Source data:
=-=-=
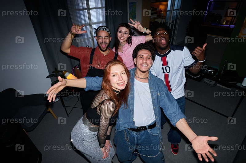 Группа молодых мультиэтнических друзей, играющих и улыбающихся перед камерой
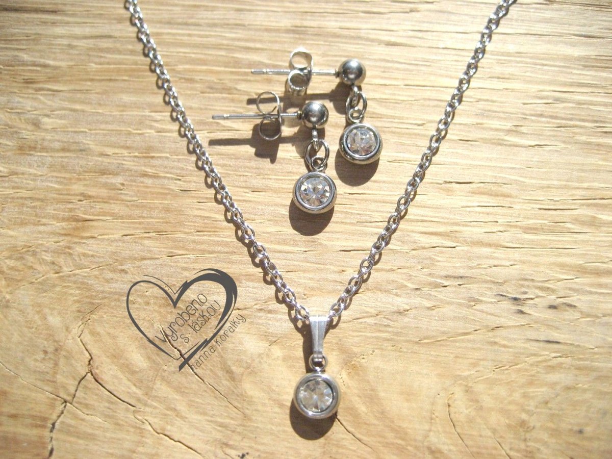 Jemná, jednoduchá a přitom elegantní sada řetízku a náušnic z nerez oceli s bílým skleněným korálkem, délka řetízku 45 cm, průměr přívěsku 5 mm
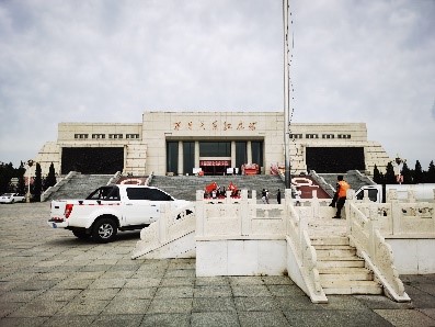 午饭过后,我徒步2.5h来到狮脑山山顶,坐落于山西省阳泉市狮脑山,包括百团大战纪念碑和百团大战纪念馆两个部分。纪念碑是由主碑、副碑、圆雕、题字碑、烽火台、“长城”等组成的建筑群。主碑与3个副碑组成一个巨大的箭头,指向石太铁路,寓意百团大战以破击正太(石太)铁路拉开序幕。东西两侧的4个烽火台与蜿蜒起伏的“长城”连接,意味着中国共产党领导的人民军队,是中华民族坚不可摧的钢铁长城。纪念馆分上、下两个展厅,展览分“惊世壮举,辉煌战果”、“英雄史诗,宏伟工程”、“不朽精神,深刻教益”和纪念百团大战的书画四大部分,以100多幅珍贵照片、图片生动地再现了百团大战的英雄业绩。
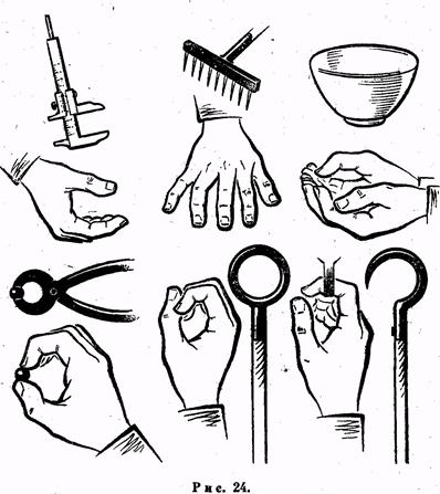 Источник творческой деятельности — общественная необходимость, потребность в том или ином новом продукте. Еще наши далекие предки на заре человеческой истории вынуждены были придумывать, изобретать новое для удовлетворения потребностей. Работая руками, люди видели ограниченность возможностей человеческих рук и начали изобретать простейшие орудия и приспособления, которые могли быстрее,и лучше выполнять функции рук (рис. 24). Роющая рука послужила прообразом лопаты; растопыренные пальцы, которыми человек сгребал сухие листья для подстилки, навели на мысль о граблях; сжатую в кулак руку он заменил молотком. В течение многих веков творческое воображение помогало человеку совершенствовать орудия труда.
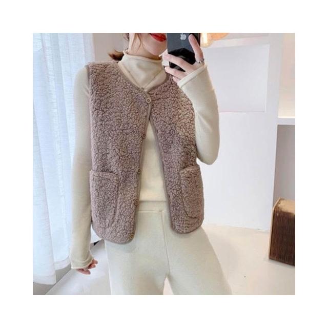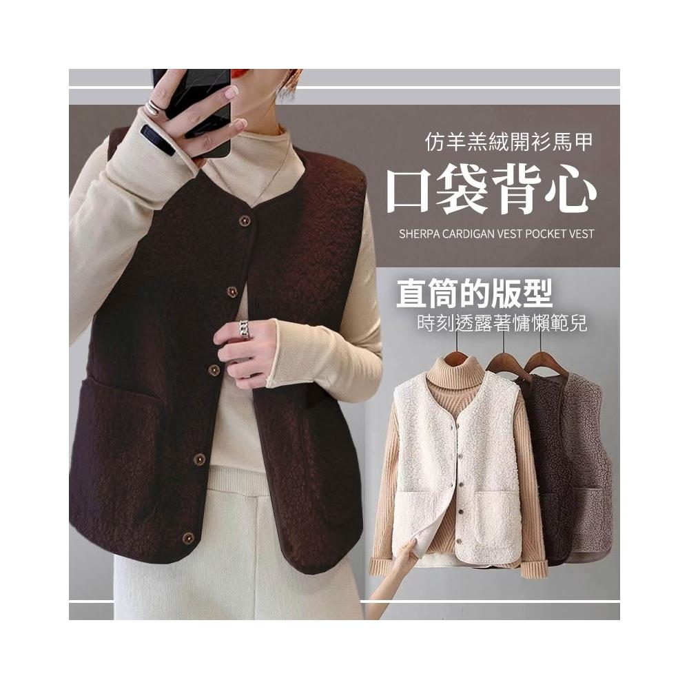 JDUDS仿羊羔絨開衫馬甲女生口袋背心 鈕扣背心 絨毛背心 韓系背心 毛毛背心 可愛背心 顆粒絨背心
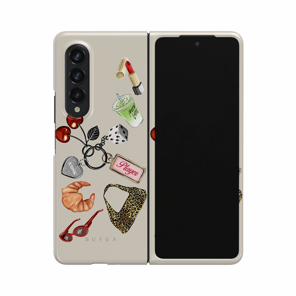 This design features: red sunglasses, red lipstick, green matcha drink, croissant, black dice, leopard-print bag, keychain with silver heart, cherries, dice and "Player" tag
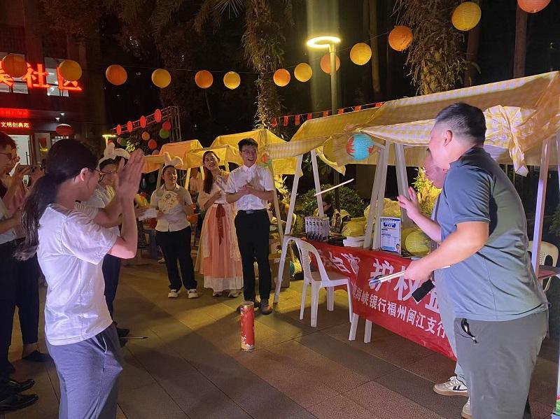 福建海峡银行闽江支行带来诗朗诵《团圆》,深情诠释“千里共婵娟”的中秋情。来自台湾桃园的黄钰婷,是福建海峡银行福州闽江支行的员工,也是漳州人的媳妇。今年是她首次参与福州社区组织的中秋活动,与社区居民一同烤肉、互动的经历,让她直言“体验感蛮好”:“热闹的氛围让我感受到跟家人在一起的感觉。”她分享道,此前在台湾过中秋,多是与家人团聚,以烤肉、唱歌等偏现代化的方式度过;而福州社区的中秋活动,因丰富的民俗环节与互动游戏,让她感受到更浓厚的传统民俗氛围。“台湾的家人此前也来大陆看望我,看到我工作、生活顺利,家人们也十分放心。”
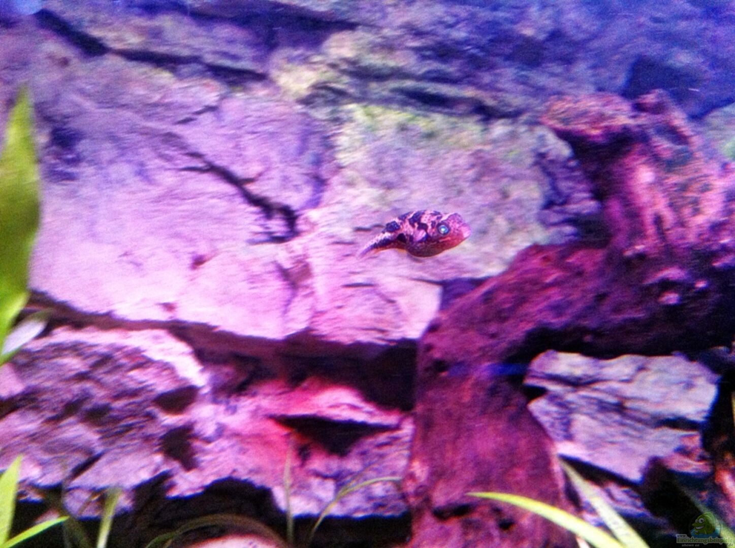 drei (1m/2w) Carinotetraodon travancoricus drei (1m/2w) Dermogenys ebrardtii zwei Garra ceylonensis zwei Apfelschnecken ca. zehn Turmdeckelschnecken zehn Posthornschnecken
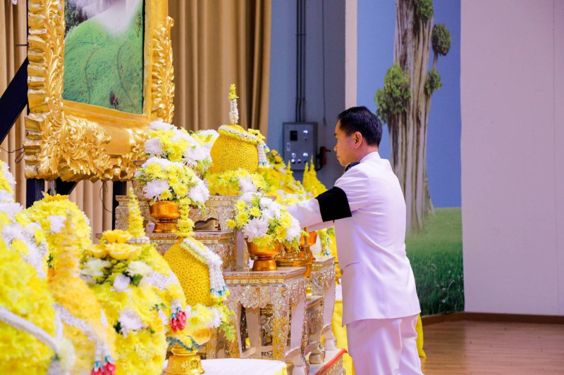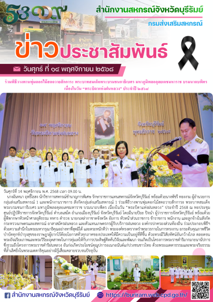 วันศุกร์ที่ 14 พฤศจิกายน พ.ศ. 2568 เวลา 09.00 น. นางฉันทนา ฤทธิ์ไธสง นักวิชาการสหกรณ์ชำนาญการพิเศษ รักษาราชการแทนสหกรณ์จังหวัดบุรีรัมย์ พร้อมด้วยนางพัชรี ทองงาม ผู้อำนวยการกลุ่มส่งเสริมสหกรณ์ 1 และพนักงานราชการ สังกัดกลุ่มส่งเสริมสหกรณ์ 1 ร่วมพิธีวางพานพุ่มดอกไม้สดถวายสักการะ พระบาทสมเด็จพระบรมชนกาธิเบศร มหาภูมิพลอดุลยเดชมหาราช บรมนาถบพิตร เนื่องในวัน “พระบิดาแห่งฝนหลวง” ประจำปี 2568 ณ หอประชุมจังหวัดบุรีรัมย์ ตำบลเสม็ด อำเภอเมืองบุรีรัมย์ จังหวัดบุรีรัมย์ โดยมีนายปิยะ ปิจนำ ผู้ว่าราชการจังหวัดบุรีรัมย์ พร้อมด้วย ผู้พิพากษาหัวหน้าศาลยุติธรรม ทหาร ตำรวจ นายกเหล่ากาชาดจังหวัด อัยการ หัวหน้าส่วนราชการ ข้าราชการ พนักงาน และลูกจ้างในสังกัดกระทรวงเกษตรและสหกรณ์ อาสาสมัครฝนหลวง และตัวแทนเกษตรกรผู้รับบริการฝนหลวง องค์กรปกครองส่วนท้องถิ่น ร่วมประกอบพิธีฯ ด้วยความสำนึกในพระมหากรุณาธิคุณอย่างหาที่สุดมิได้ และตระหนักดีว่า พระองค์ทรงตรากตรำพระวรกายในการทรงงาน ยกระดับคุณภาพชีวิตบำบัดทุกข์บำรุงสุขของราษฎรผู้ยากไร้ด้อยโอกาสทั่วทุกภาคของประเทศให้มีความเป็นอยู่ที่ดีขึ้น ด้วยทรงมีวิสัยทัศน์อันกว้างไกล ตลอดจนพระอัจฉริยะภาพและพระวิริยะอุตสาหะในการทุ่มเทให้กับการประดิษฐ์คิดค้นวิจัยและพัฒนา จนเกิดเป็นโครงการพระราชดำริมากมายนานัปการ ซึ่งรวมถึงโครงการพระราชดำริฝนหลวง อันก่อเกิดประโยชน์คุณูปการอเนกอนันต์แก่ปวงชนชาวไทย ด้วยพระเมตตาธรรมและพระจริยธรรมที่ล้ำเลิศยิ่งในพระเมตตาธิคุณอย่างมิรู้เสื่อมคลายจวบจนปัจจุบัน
=-=-=
__EXERCISE DETAILS__.
Please print the records above once more, word for word, omitting all pictures.

__OUTPUT BELOW__.
 Группа молодых мультиэтнических друзей, играющих и улыбающихся перед камерой
 Jemná, jednoduchá a přitom elegantní sada řetízku a náušnic z nerez oceli s bílým skleněným korálkem, délka řetízku 45 cm, průměr přívěsku 5 mm
 午饭过后,我徒步2.5h来到狮脑山山顶,坐落于山西省阳泉市狮脑山,包括百团大战纪念碑和百团大战纪念馆两个部分。纪念碑是由主碑、副碑、圆雕、题字碑、烽火台、“长城”等组成的建筑群。主碑与3个副碑组成一个巨大的箭头,指向石太铁路,寓意百团大战以破击正太(石太)铁路拉开序幕。东西两侧的4个烽火台与蜿蜒起伏的“长城”连接,意味着中国共产党领导的人民军队,是中华民族坚不可摧的钢铁长城。纪念馆分上、下两个展厅,展览分“惊世壮举,辉煌战果”、“英雄史诗,宏伟工程”、“不朽精神,深刻教益”和纪念百团大战的书画四大部分,以100多幅珍贵照片、图片生动地再现了百团大战的英雄业绩。
 Источник творческой деятельности — общественная необходимость, потребность в том или ином новом продукте. Еще наши далекие предки на заре человеческой истории вынуждены были придумывать, изобретать новое для удовлетворения потребностей. Работая руками, люди видели ограниченность возможностей человеческих рук и начали изобретать простейшие орудия и приспособления, которые могли быстрее,и лучше выполнять функции рук (рис. 24). Роющая рука послужила прообразом лопаты; растопыренные пальцы, которыми человек сгребал сухие листья для подстилки, навели на мысль о граблях; сжатую в кулак руку он заменил молотком. В течение многих веков творческое воображение помогало человеку совершенствовать орудия труда.
 JDUDS仿羊羔絨開衫馬甲女生口袋背心 鈕扣背心 絨毛背心 韓系背心 毛毛背心 可愛背心 顆粒絨背心
 This design features: red sunglasses, red lipstick, green matcha drink, croissant, black dice, leopard-print bag, keychain with silver heart, cherries, dice and "Player" tag
 福建海峡银行闽江支行带来诗朗诵《团圆》,深情诠释“千里共婵娟”的中秋情。来自台湾桃园的黄钰婷,是福建海峡银行福州闽江支行的员工,也是漳州人的媳妇。今年是她首次参与福州社区组织的中秋活动,与社区居民一同烤肉、互动的经历,让她直言“体验感蛮好”:“热闹的氛围让我感受到跟家人在一起的感觉。”她分享道,此前在台湾过中秋,多是与家人团聚,以烤肉、唱歌等偏现代化的方式度过;而福州社区的中秋活动,因丰富的民俗环节与互动游戏,让她感受到更浓厚的传统民俗氛围。“台湾的家人此前也来大陆看望我,看到我工作、生活顺利,家人们也十分放心。”
 drei (1m/2w) Carinotetraodon travancoricus drei (1m/2w) Dermogenys ebrardtii zwei Garra ceylonensis zwei Apfelschnecken ca. zehn Turmdeckelschnecken zehn Posthornschnecken
 วันศุกร์ที่ 14 พฤศจิกายน พ.ศ. 2568 เวลา 09.00 น. นางฉันทนา ฤทธิ์ไธสง นักวิชาการสหกรณ์ชำนาญการพิเศษ รักษาราชการแทนสหกรณ์จังหวัดบุรีรัมย์ พร้อมด้วยนางพัชรี ทองงาม ผู้อำนวยการกลุ่มส่งเสริมสหกรณ์ 1 และพนักงานราชการ สังกัดกลุ่มส่งเสริมสหกรณ์ 1 ร่วมพิธีวางพานพุ่มดอกไม้สดถวายสักการะ พระบาทสมเด็จพระบรมชนกาธิเบศร มหาภูมิพลอดุลยเดชมหาราช บรมนาถบพิตร เนื่องในวัน “พระบิดาแห่งฝนหลวง” ประจำปี 2568 ณ หอประชุมจังหวัดบุรีรัมย์ ตำบลเสม็ด อำเภอเมืองบุรีรัมย์ จังหวัดบุรีรัมย์ โดยมีนายปิยะ ปิจนำ ผู้ว่าราชการจังหวัดบุรีรัมย์ พร้อมด้วย ผู้พิพากษาหัวหน้าศาลยุติธรรม ทหาร ตำรวจ นายกเหล่ากาชาดจังหวัด อัยการ หัวหน้าส่วนราชการ ข้าราชการ พนักงาน และลูกจ้างในสังกัดกระทรวงเกษตรและสหกรณ์ อาสาสมัครฝนหลวง และตัวแทนเกษตรกรผู้รับบริการฝนหลวง องค์กรปกครองส่วนท้องถิ่น ร่วมประกอบพิธีฯ ด้วยความสำนึกในพระมหากรุณาธิคุณอย่างหาที่สุดมิได้ และตระหนักดีว่า พระองค์ทรงตรากตรำพระวรกายในการทรงงาน ยกระดับคุณภาพชีวิตบำบัดทุกข์บำรุงสุขของราษฎรผู้ยากไร้ด้อยโอกาสทั่วทุกภาคของประเทศให้มีความเป็นอยู่ที่ดีขึ้น ด้วยทรงมีวิสัยทัศน์อันกว้างไกล ตลอดจนพระอัจฉริยะภาพและพระวิริยะอุตสาหะในการทุ่มเทให้กับการประดิษฐ์คิดค้นวิจัยและพัฒนา จนเกิดเป็นโครงการพระราชดำริมากมายนานัปการ ซึ่งรวมถึงโครงการพระราชดำริฝนหลวง อันก่อเกิดประโยชน์คุณูปการอเนกอนันต์แก่ปวงชนชาวไทย ด้วยพระเมตตาธรรมและพระจริยธรรมที่ล้ำเลิศยิ่งในพระเมตตาธิคุณอย่างมิรู้เสื่อมคลายจวบจนปัจจุบัน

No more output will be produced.